**Records for this exercise:**

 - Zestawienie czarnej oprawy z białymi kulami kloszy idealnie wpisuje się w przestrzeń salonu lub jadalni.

==

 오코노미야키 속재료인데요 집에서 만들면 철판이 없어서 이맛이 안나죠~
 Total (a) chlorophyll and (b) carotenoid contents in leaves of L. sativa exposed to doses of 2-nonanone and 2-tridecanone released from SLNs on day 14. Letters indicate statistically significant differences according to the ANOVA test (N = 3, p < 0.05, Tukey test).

---

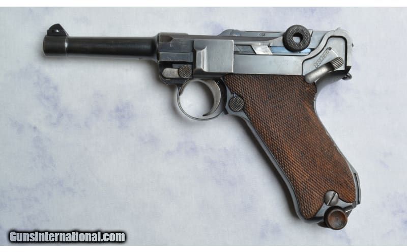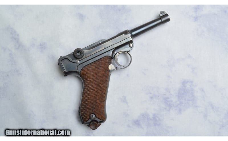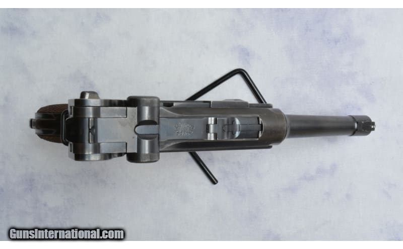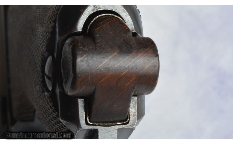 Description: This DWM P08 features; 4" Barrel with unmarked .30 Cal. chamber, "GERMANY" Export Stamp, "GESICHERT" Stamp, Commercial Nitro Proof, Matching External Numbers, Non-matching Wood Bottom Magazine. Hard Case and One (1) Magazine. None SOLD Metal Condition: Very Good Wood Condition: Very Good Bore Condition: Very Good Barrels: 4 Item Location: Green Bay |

**What is expected:** Please, from the material above, copy only the lines from the line with "오코노미야키 속재료인데요 집에서 만들면 철판이 없어서 이맛이 안나죠~" up to and including the line with "Total (a) chlorophyll", exactly as written.

**Completed task:**
 오코노미야키 속재료인데요 집에서 만들면 철판이 없어서 이맛이 안나죠~
 Total (a) chlorophyll and (b) carotenoid contents in leaves of L. sativa exposed to doses of 2-nonanone and 2-tridecanone released from SLNs on day 14. Letters indicate statistically significant differences according to the ANOVA test (N = 3, p < 0.05, Tukey test).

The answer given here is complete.